BEGIN Supplied material

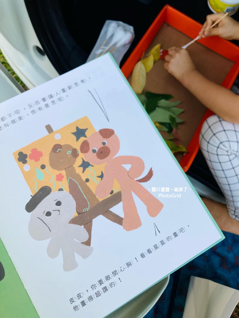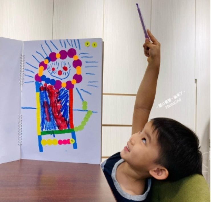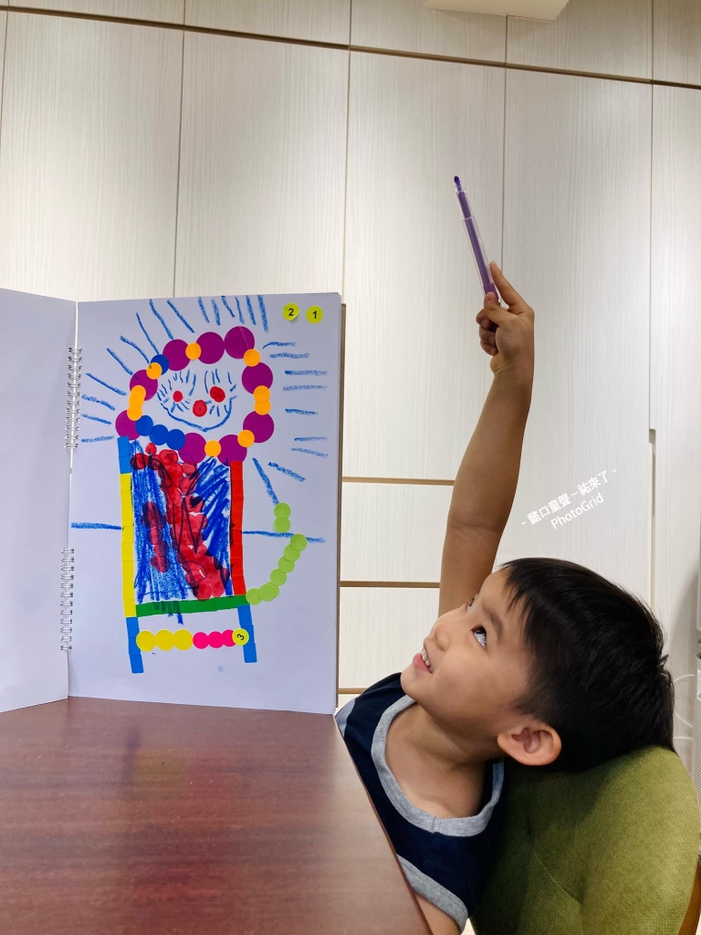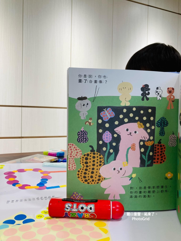 能論出媒材的多樣性可以是成就感,二寶這周以來這本書讀了不只十次,他也發現畫畫不只是拿筆畫,他可以有各種不同的形式!畫出自畫像可以是成就感,無論畫甚麼都請家長扮演好欣賞的腳色,不品頭論足。能暢談繪本裡的細節可以是成就感,坦白說這些藝術家的名字透過翻譯都變得比較饒口,但是只要幼兒願意開口聊,即使ㄧ開始只能說 「草間…」兩字,家長都可以順勢幫他們接上 「彌生」二字後繼續聊下去喔!二寶自第一次說不清楚名字,到琅琅上口,真的是繪本及共讀後座力強大!
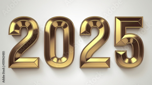 The Year 2025 Represented in Bold, Golden Numerals Against a White Background - Metallic Numbers, Reflective Light, Vertical Sequence, Modern Design, Futuristic Year, Elegant Typography, New Year
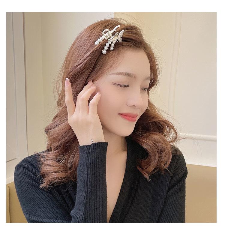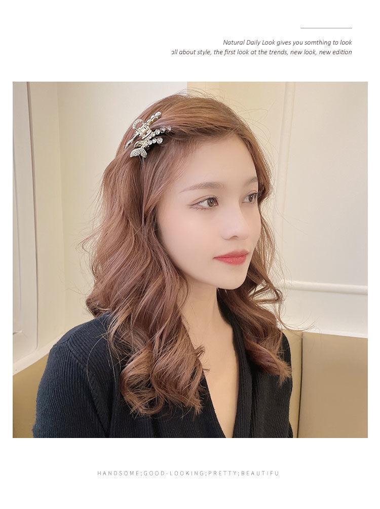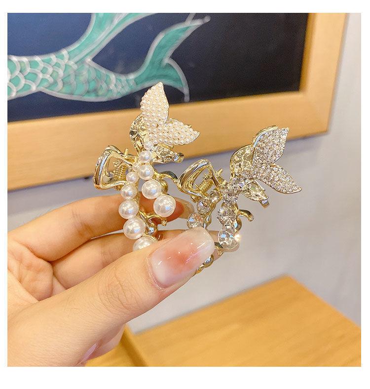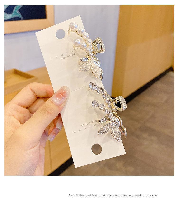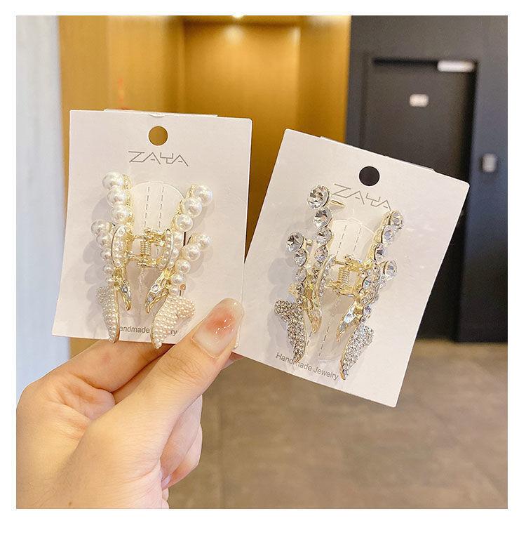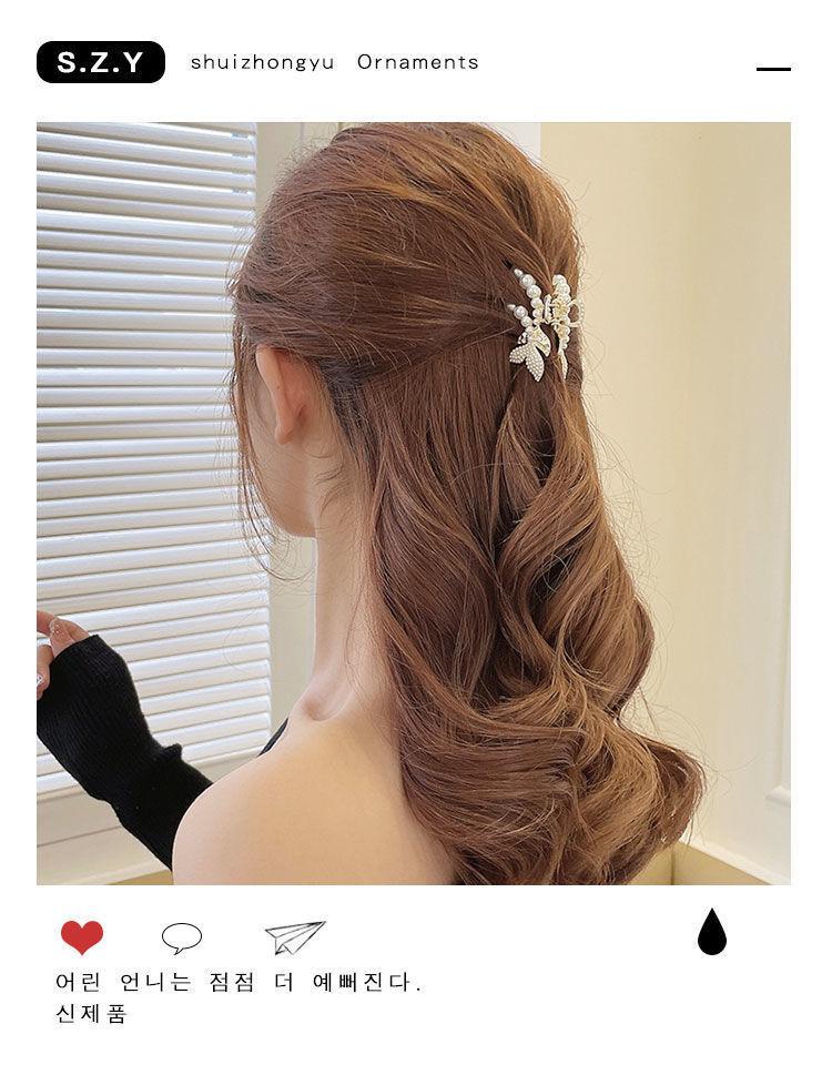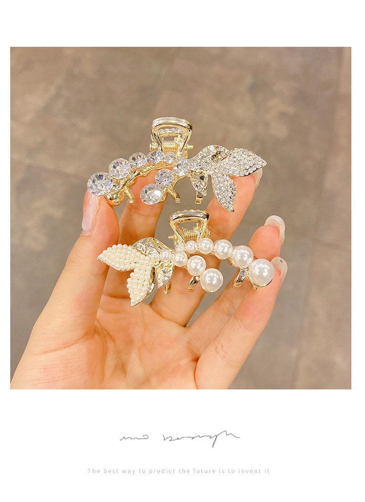 Pinza para el Cabello Semirrecogido para Mujer Pinza para el Cabello en la Parte Posterior de la Cabeza, Pequeña Pinza de Tiburón con Perlas y Pedrería, Popular 2025 Nueva Pinza para Cola de Caballo
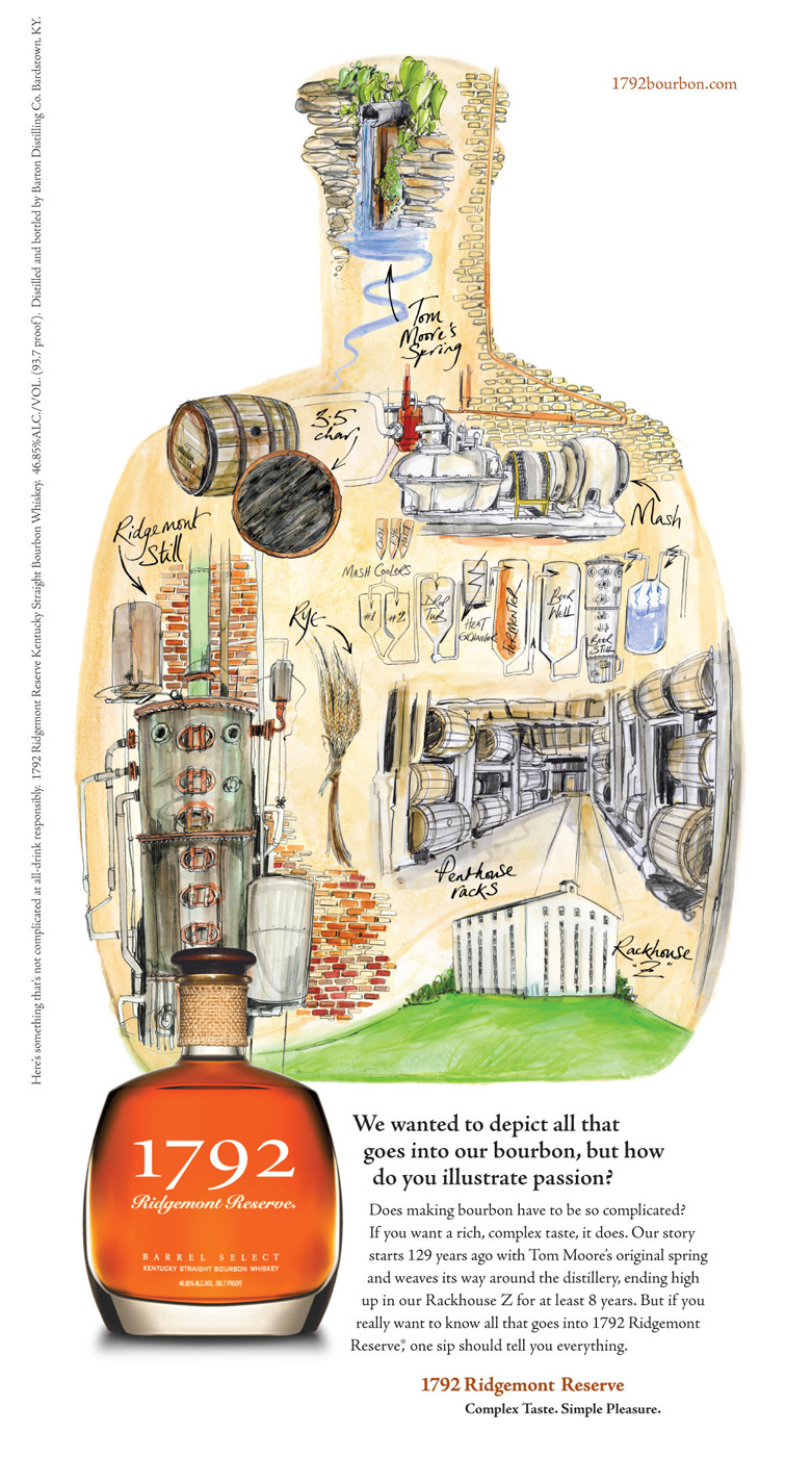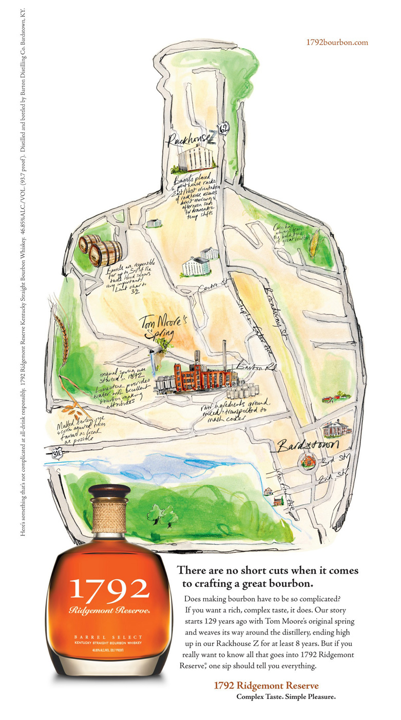 Создание бурбона 1792 Ridgemont Reserve в картинкахEuro RSCG, рекламируя бурбон 1792 Ridgemont Reserve, показывает потребителю, что стоит за восхитительным вкусом этого замечательного напитка. Но если сложного технологического процесса и многолетних традиции не достаточно, один маленький глоток расскажет потребителю все.Когда речь идет о создании восхитительного бурбона - короткие пути неприемлемы Агентство: Euro RSCG, Chicago, USA Копирайтеры: Paul Janas, Matt Dimmer Иллюстратор: Jane Webster Фотограф: John Schulz |

END Supplied material

■ Work order: Through the line containing "Pinza para el Cabello Semirrecogido" and no further, restate the data above word for word from its first line, leaving out pictures.

■ Output for this task:
 能論出媒材的多樣性可以是成就感,二寶這周以來這本書讀了不只十次,他也發現畫畫不只是拿筆畫,他可以有各種不同的形式!畫出自畫像可以是成就感,無論畫甚麼都請家長扮演好欣賞的腳色,不品頭論足。能暢談繪本裡的細節可以是成就感,坦白說這些藝術家的名字透過翻譯都變得比較饒口,但是只要幼兒願意開口聊,即使ㄧ開始只能說 「草間…」兩字,家長都可以順勢幫他們接上 「彌生」二字後繼續聊下去喔!二寶自第一次說不清楚名字,到琅琅上口,真的是繪本及共讀後座力強大!
 The Year 2025 Represented in Bold, Golden Numerals Against a White Background - Metallic Numbers, Reflective Light, Vertical Sequence, Modern Design, Futuristic Year, Elegant Typography, New Year
 Pinza para el Cabello Semirrecogido para Mujer Pinza para el Cabello en la Parte Posterior de la Cabeza, Pequeña Pinza de Tiburón con Perlas y Pedrería, Popular 2025 Nueva Pinza para Cola de Caballo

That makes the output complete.